Saturday, January 21, 2012

Aquarium of the Americas

It was a little hot and muggy on Saturday, so we decided to cool off by going underwater - at the Aquarium of the Americas in New Orleans.

There's only one rule at the aquarium, and we broke it as soon as we got there: don't get eaten by sharks!

OK, you got me. Betty and the kids weren't really eaten by sharks, which is good because we probably would not have gotten a refund on our tickets. We had a great time. Annie was so happy to see her cousin David that they mostly ignored all the displays and just ran around playing tag. For my part, I like to read every line of text on every display (much to Betty's chagrin), so I learned a lot.

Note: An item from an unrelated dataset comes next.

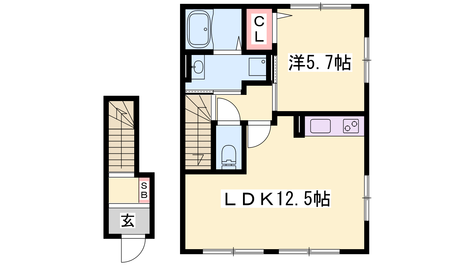 - LDK12.5帖、洋室5.7帖

For example, did you know that some creatures alive today were also alive at the same time as and/or before the dinosaurs? It's true! Sharks are older than dinosaurs. In fact, "modern sharks" evolved during the Jurassic period. Just don't call any sharks "old-timers" because they really hate that, and will probably try to eat you.

Frogs also lived at the same time as the dinosaurs. Some frogs even ate baby dinosaurs. They also tasted great in dino-frog leg soup.

The Aquarium of the Americas has more than just fish, sharks, frogs, stingrays and obese humans wearing inappropriate clothing which shows off their muffin tops. They also have birds. And not just birds in cages that you can look at... but a new place where birds fly all around you, and you can buy little sticks of food for them so that they'll land right next to you and eat and/or poop on you. My son, Peter, really enjoyed seeing the birds!

And yes, I got pooped on. But don't worry, I played it cool. I just found a place with a lot of people and pushed my way through, making sure to rub my poop-stained shirt all over someone else's back.

My favorite animal at the Aquarium is the Sea Dragon. It's basically an overgrown Sea Horse, but it looks like a dragon.

It reminds me of the dragon from that old Atari game Adventure.

Last fun fact for the day: there's a species of jellyfish (Turritopsis nutricula) that is nicknamed the "immortal jellyfish" - because it never dies. Well, most of them die due to being eaten or by disease, but that's not the point. Once they grow to be really old, they start to grow young again until they form back into a polyp. They're like the Benjamin Buttons of the sea. Then after they're young, they can grow old again. They're effectively immortal (except, again, for being eaten). Maybe science can use this jellyfish to make me immortal or at least change me back into a kid again, because there are some awesome toys out there that I'd like to play with.

Thanks to the great people at the Audubon Institute and Aquarium of the Americas for a great day in New Orleans!